Dynamic International records annual sales of between $80-$100 million. Of all the other major importers in the sector in North America, there are maybe six that are similar in size by sales figures, some with 150 employees or more, but no one has their own factory producing machines. Layo warns, “They’re all buying from existing factories in Taiwan or Asia, and the risk is if that company gets bought, you can lose your importing rights because the new company might want to change. That’s why I decided to start my own company. The Smart Machine Tool difference is the team’s knowledge of product design, engineering, and understanding what the market needs. We have developed CNC lathes ranging from 10-inch to 30-inch chucks with the end-users’ needs in mind, and we will be offering these machines through exclusive distributors to the North American market.”
For the future, Layo acknowledges, “My long-term plans put a big focus on my factory because I have complete control over it. I’d like to grow to about 100 units per month; today it’s 20. We deal with the bigger manufacturers because of the volume of business we do, and their main suppliers have already started building machines to meet our manufacturing needs for North America. So, even though they build and design the machines, we can now give them the specifications, and we’ve done that with a couple of models.
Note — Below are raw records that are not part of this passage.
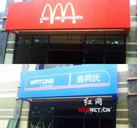 “這擦邊球打得很牛很雷人,真是山寨店鋪大薈萃!”8日晚上,網(wǎng)友“鍋爐工”在紅網(wǎng)論壇發(fā)帖爆料,稱在網(wǎng)上看到一個(gè)題為《對不起,我真的被雷到了,南京最雷人山寨店群》的圖片帖,圖片顯示在南京文安街上,林立的店鋪清一色是山寨名牌店鋪,其中屈臣氏、必勝客、麥當(dāng)勞、李寧、星巴克、哈根達(dá)斯等分別被克隆成曲同氏、必勝糊、李明、巴克星、哈根波斯等。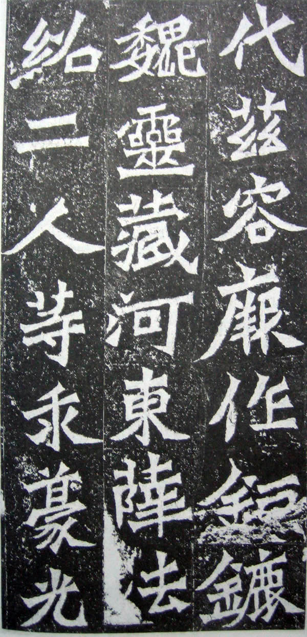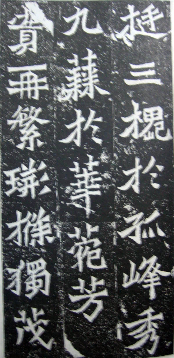 此碑應是方筆露鋒之典型代表,因此最顯見用筆之妙。起筆都將鋒穎露在畫外,有的角棱若刀,有的細鋒引入,煞有情趣;即使畫也挺直有力,折筆顯見方棱;收筆處,有時斂毫便止,有時放鋒犀利,有時如《寶子》之上揚。筆畫或大或小,大者縱矛橫戈,如虎奔龍吟,小者輕微一點,如蜻蜓掠水,皆能順勢合情.絕無率意輕發。結體或取橫勢,或取縱勢,皆極意顯示雄踞盤關之威儀,懷隱瑰玉之神采。整篇看來,嚴整肅穆,端莊雋潔。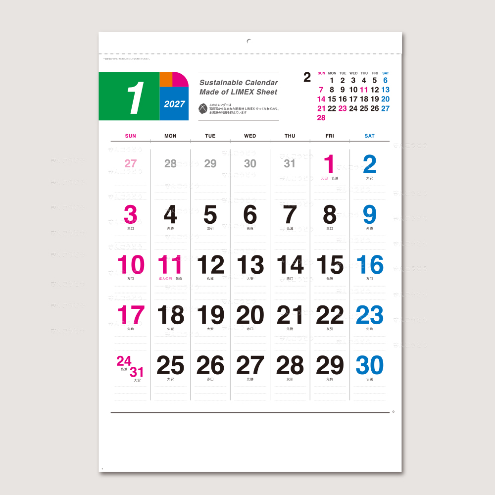石灰石から生まれたライメックスシートを用紙に採用した壁掛けカレンダー。ライメックスシートは森林伐採せず、水をほぼ使わずに作られるため、紙と代替することで地球環境への負荷を軽減できます。紙のカレンダーと同様に鉛筆やボールペンで書き込みができ、耐水性・耐久性にも優れた素材です。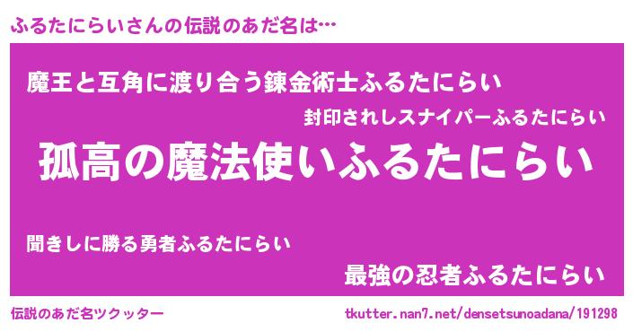 | 胡散臭い通販商品みたいなあだ名 | 『信頼と実績のサプリメント…その名も「ふるたにらい」』 |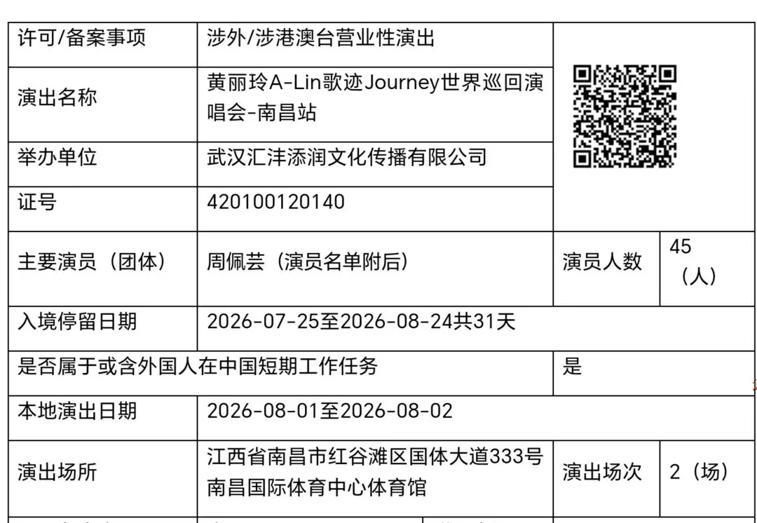 2026年8月1日,2日 — 黄丽玲— 南昌演唱会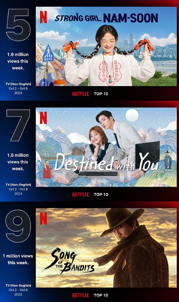 또 넷플릭스 TOP 10 공식 웹사이트에 따르면 '힘쎈여자 강남순'은 지난 7일부터 8일까지, 160만 뷰, 250만 시청 시간을 기록하며 넷플릭스 글로벌 TOP10 TV 부문(비영어) 5위를 기록했다.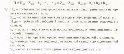Требуемый напор насосов второго подъема в определяется по формуле:

These are large factories I’m buying from in Taiwan and China – they’re letting us have input into the manufacturing specifications that we want because we have a strong enough buying position. My goal is to increase that, substantially, over the next three to four years, which increases our buying power and profitability in North America.”
Currently, Dynamic International sells an average of 800 to 900 units per year and the percentage of their own manufacturing is low at 20 percent. In five years, the goal is to have that at 80 percent; increasing the number of units to 1,600 – 2,000, and at that point, hopefully, up to the 1,200 unit range (200 per month) that they’re building themselves.
Layo is pleased with his company’s business model, the success they’ve achieved and the unlimited growth potential. In summation, he states, “Of all the importers in North America today, there is nobody else manufacturing machines that owns a company outside of North America. We’re doing it, ourselves, in our Korean factory under the name Smart Machine Tool. I’m still the sole owner of Dynamic International; the business is family-owned, most of the other larger importers when they get to the $100 million in sales range have gone to multiple owners and investment groups, but I’m proud to say that we haven’t and we’re succeeding well. The key to success is knowledge and staying agile.”